Я не могу взять в толк, почему двое главных сотрудников лагеря отправились наказывать нас за такое мелкое нарушение.
На границе поля они останавливаются, и миссис Хальберштам разворачивается, чтобы что-то нам сказать, а мистер Розенберг позади нее являет собой безмолвную поддержку — маниакальный взор устремлен на нас, руки с дикой скоростью крутят огненно-рыжие пейсы, выдавая его ярость.
— Что вы там делали? — задает вопрос миссис Хальберштам.
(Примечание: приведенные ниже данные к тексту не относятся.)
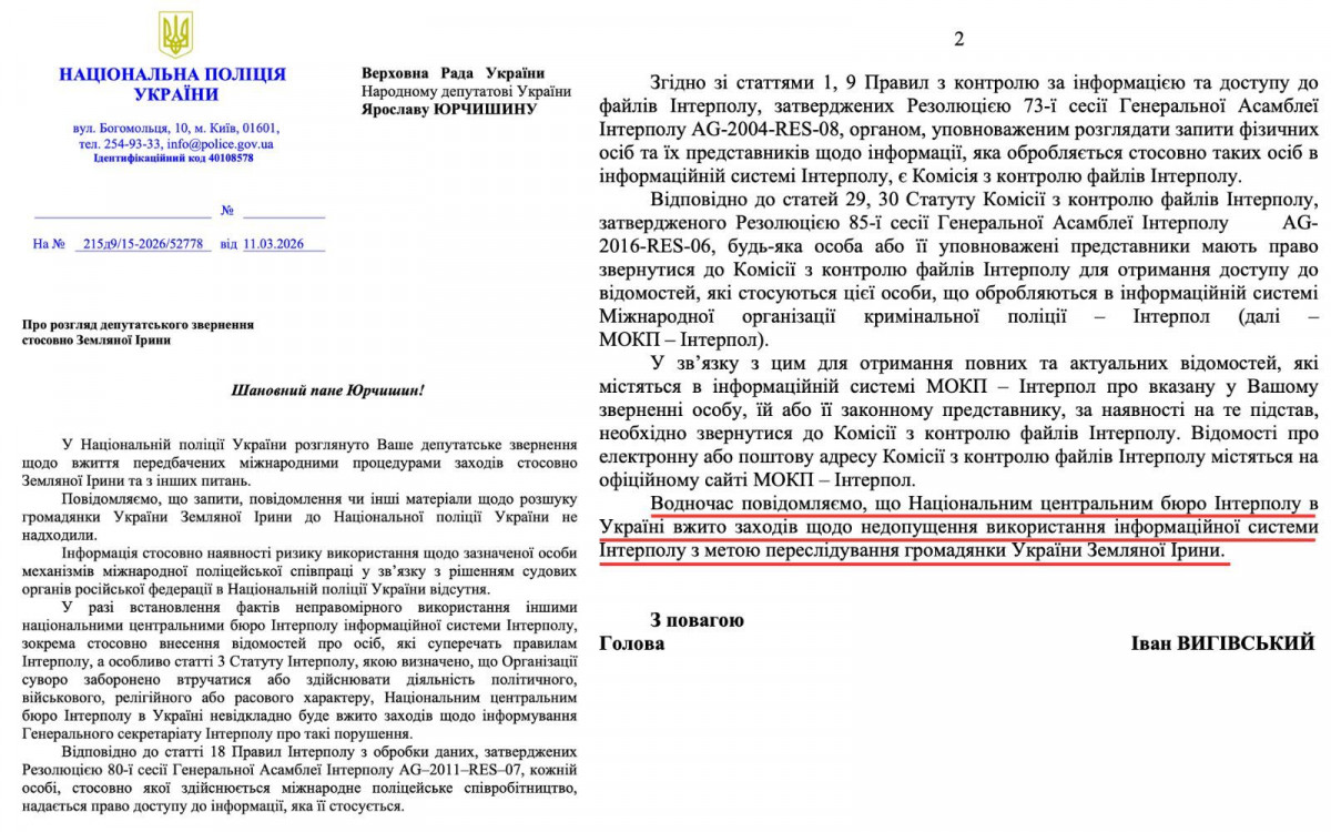 «Водночас повідомляємо, що Національним центральним бюро Інтерполу в Україні вжито заходів щодо недопущення використання інформаційної системи Інтерполу з метою переслідування громадянки України Земляної Ірини», — додали у Нацполіції.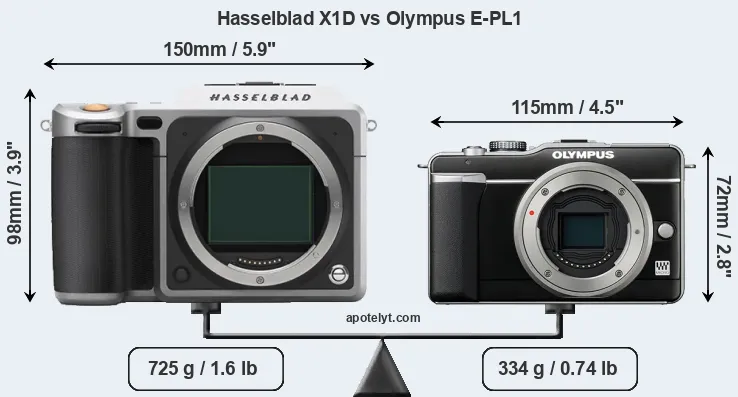 If the front view area (width x height) of the cameras is taken as an aggregate measure of their size, the Olympus E-PL1 is considerably smaller (44 percent) than the Hasselblad X1D. Moreover, the E-PL1 is substantially lighter (54 percent) than the X1D. It is worth mentioning in this context that the X1D is splash and dust resistant, while the E-PL1 does not feature any corresponding weather-sealing.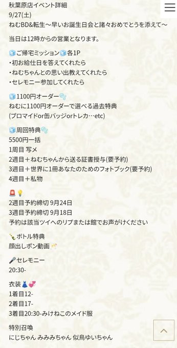 夜@みけねこカフェ秋葉原さんがリポストねむ@みけねこカフェ秋葉原@nemumikecat·ついにきましたねむちゃん最終回 12-らすと 最後までよろしくお願いします https://cheerz.cz/p/1996757 #CHEERZ #またたび #お給仕 #メイド喫茶 #コンカフェ #メイドカフェ #秋葉原 #みけねこカフェ1129841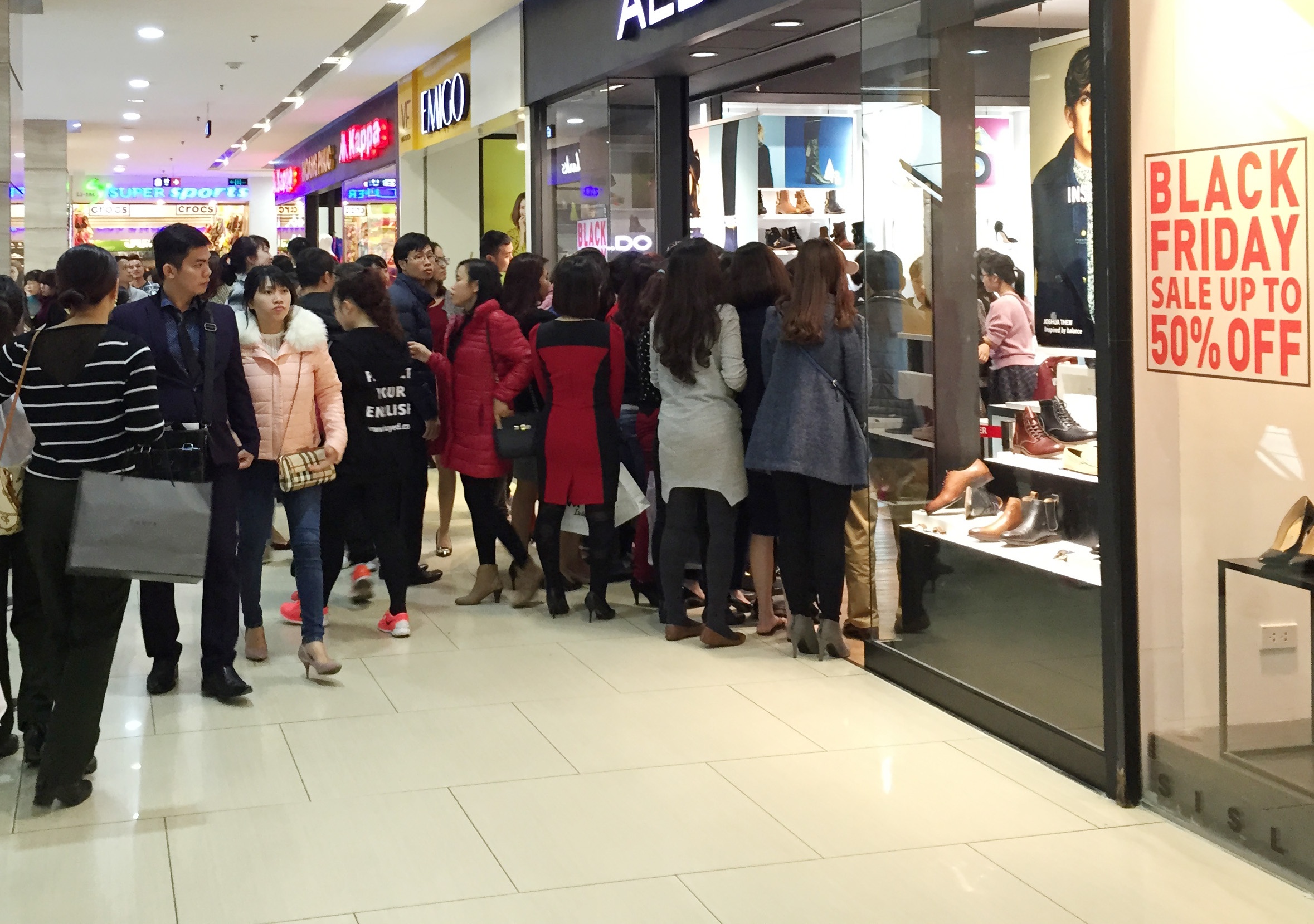 | Nhiều chị em tranh thủ nghỉ sớm, thậm chí, trốn làm để chen nhau mua hàng hiệu giảm giá ngày Black Friday. Ảnh: Diệp Sa. |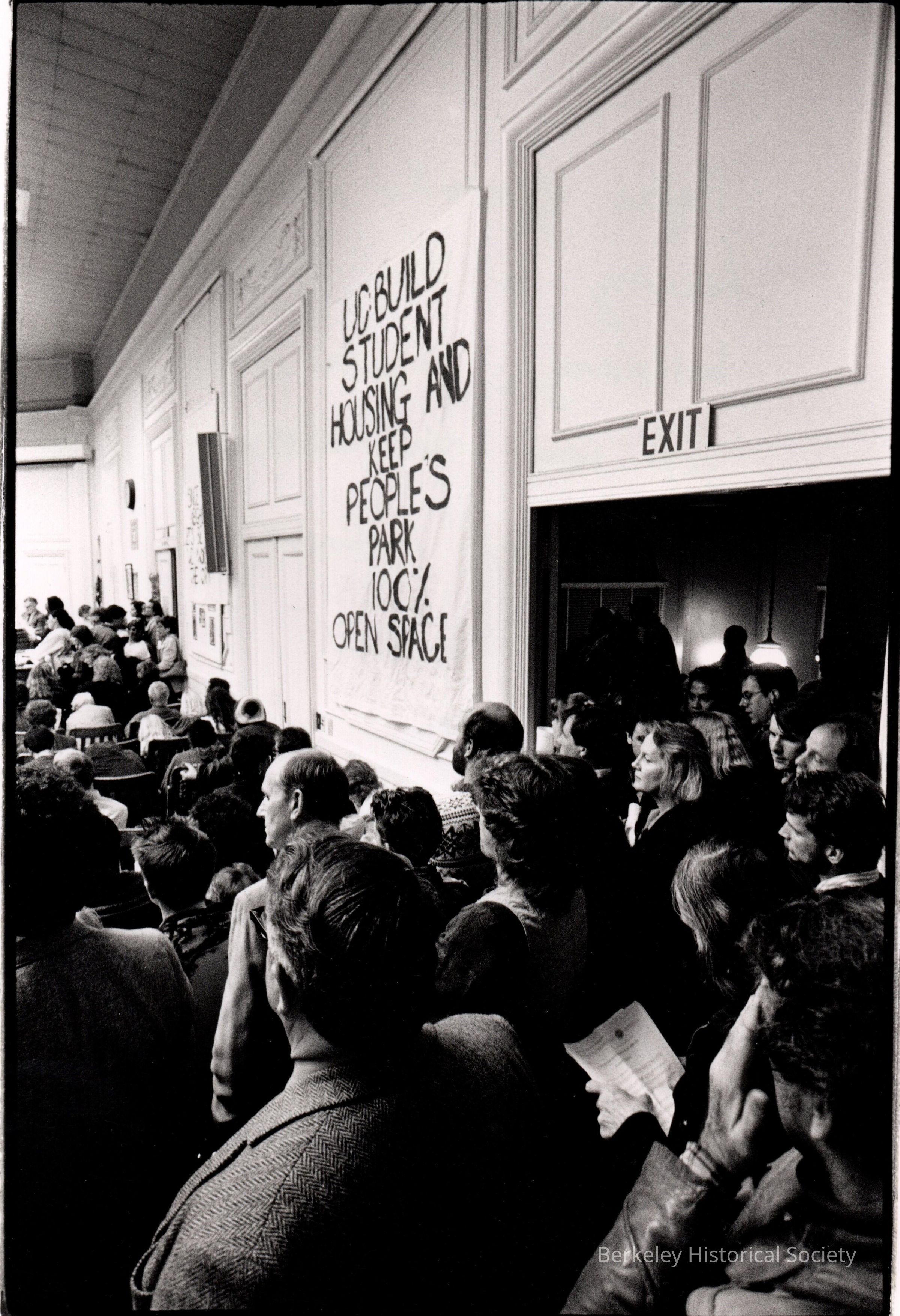 Not all People's Park supporters are able to enter the Council Chambers; meeting subsequently moved to the Veterans' Building.Dimensions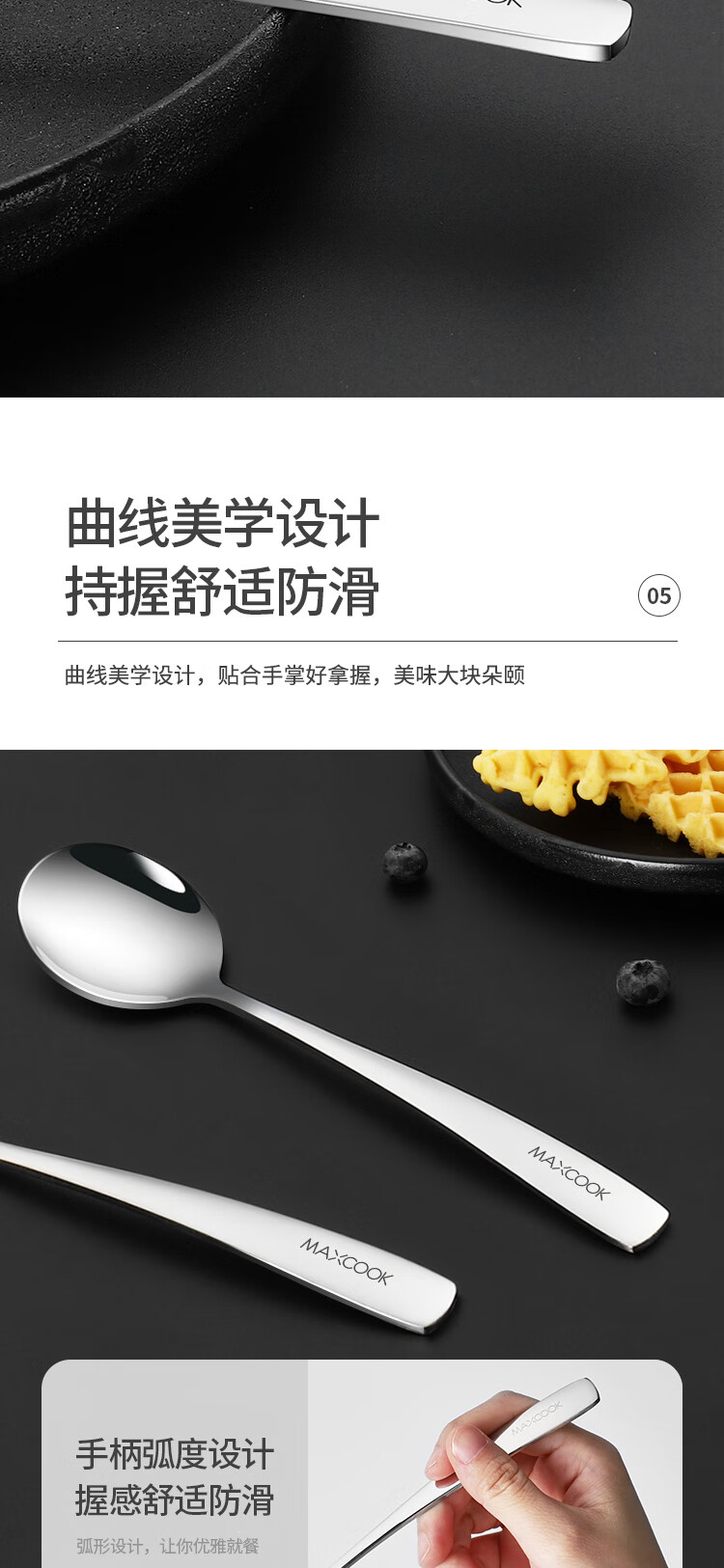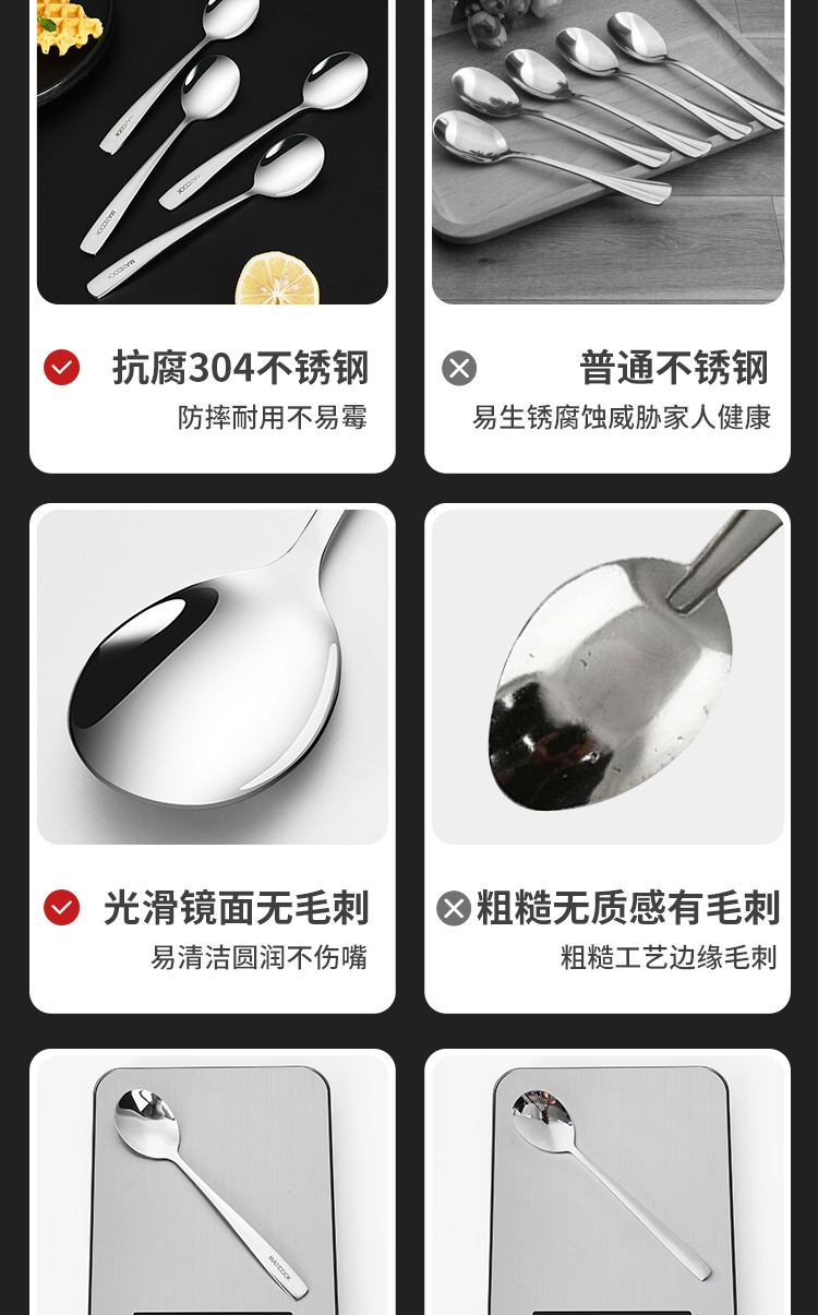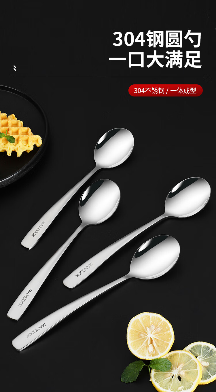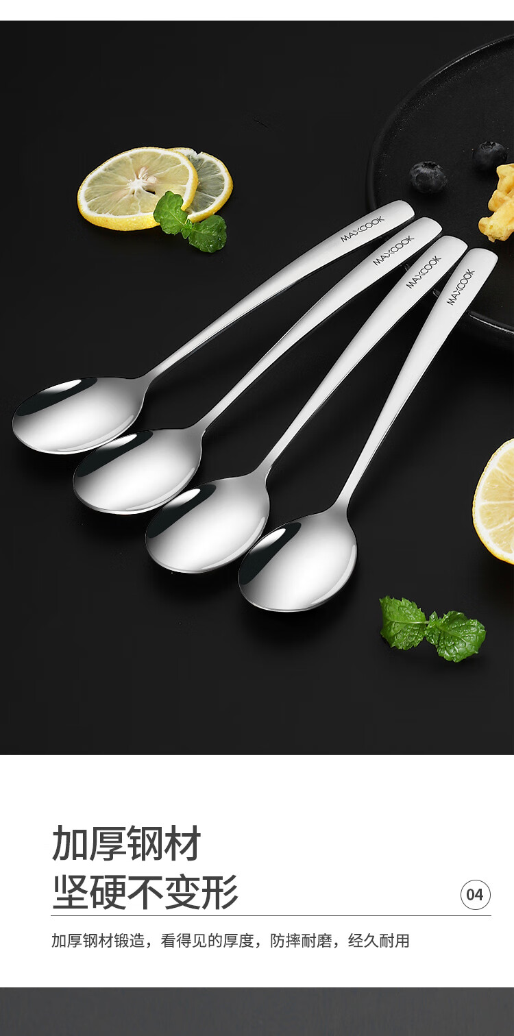 Maxcook 304 stainless steel soup spoon, large thickened spoon, round bottom table spoon, rice spoon, soup spoon, 4-piece set MCGC9533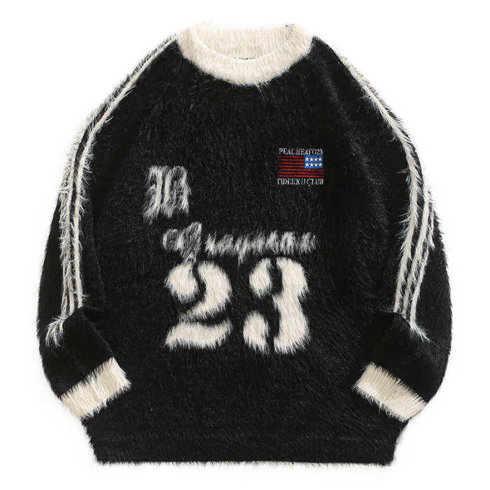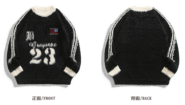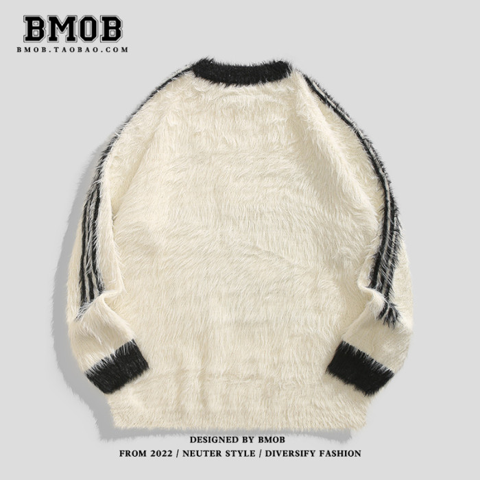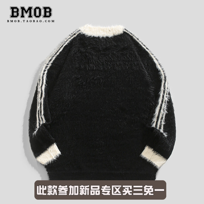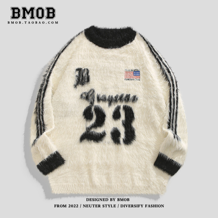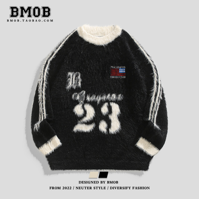 BMOB美式復古提花情侶毛衣男女秋季保暖高街慵懶設計感套頭針織衫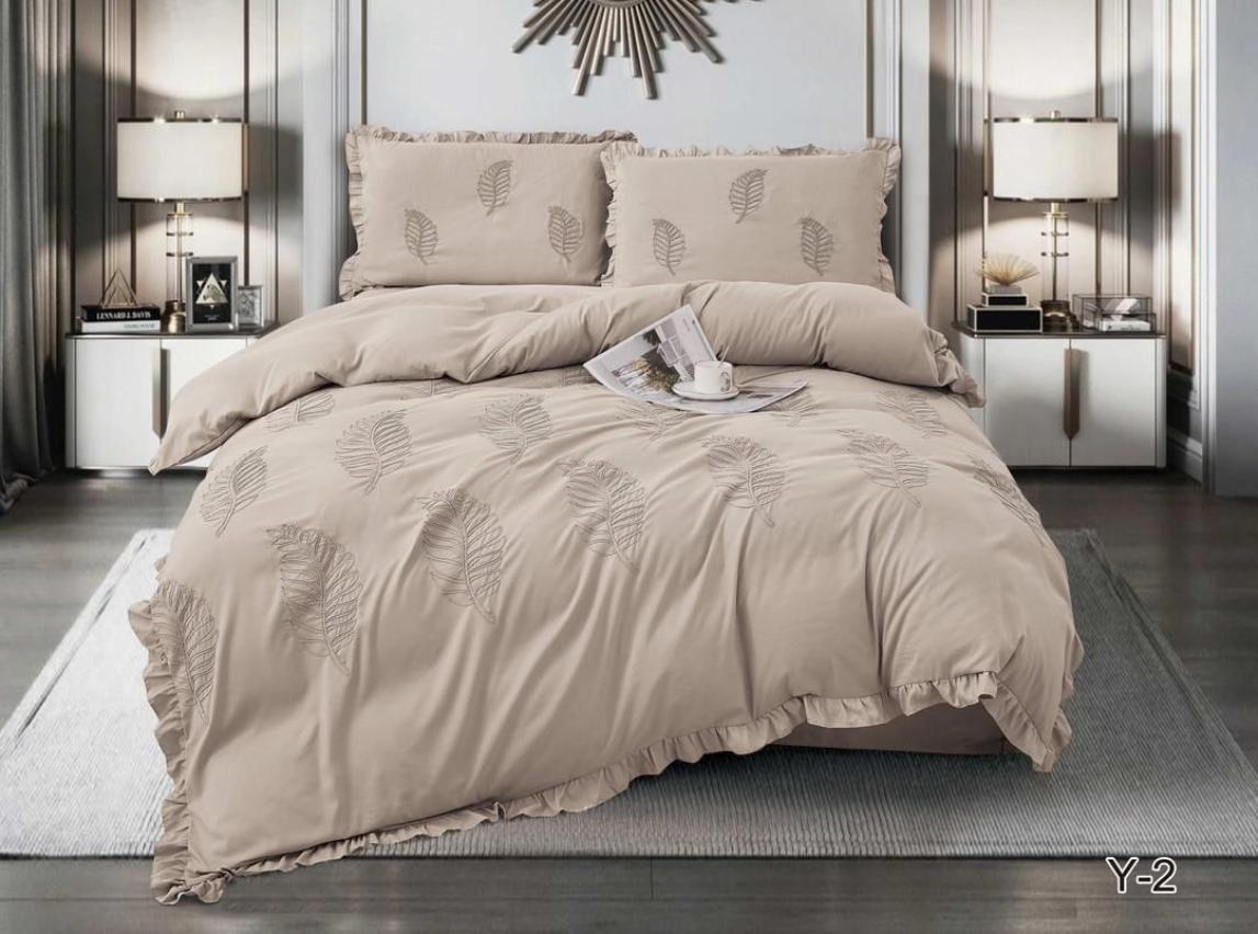Постельное белье EFOR "COTTONI Y-2" с вышивкой "листок", Евро

— Ничего. Просто трепались, — непочтительно отвечает Голда. Она вообще не боится старших, особенно тех, у кого нет над ней власти. В конце дня она вернется в другой лагерь и отвечать там будет совсем перед другими людьми.
Миссис Хальберштам злится.
— Ты вообще представляешь, как это выглядело со стороны? Да что с тобой не так? Представляешь, что люди о тебе подумают? Хочешь, чтобы тебя домой отправили?
Я совсем ничего не понимаю. О чем она вообще? Голда выглядит так, будто получила пощечину.
— Слушайте, мы правда просто разговаривали. Мы подруги. Мы не виделись все лето. Она из другого лагеря, — говорю я, пытаясь успокоить миссис Хальберштам.
Директриса замолкает и смотрит на Голду. К ней подходит мистер Розенберг. Они о чем-то шепчутся.
— Это правда? — спрашивает она у Голды, и Голда кивает в ответ.
— Раз вы хотели поговорить, то зачем ушли так далеко в поле? Вы что, не могли за столом для пикников посидеть? Или хотя бы в поле, но там, где трава подстрижена? Это говорит о том, что вы не просто поболтать сюда пришли! — торжествующе объявляет миссис Хальберштам.
Что еще, по ее мнению, мы могли там делать, гадаю я. У меня голова кругом идет от попыток понять, в чем она нас обвиняет.
Голда тоже сбита с толку. Мы обе напуганы.
Я начинаю плакать, выдавливая слезы из глаз, что не так-то просто, учитывая текущую погоду. У меня талант плакать по заказу, и вскоре я перехожу к завываниям. Их лица заметно смягчаются, когда мое искреннее раскаяние становится очевидно.
— Послушайте, — говорит миссис Хальберштам, — если хотите поговорить, посидите за столиками для пикников возле столовой. Почему бы там не поболтать? Будьте хорошими девочками и смотрите больше не попадайтесь нам одни на ган йегуда .
Мы с Голдой поскорее оттуда уходим и садимся за один из столиков, поглядывая, наблюдают ли они за нами. Когда они сворачивают в сторону, мы одновременно выдыхаем с облегчением. Я сижу напротив Голды, заламывая руки у себя на коленях. Мы молчим. Кажется, что нашу дружбу только что осквернили. Мы обе осознаем, что нас в чем-то обвинили, но не до конца понимаем, в чем именно. Мы знаем, что это нечто ужасное, но как мы можем оправдаться от обвинения, сути которого не понимаем? Радостное настроение, в котором мы пребывали прежде, испарилось.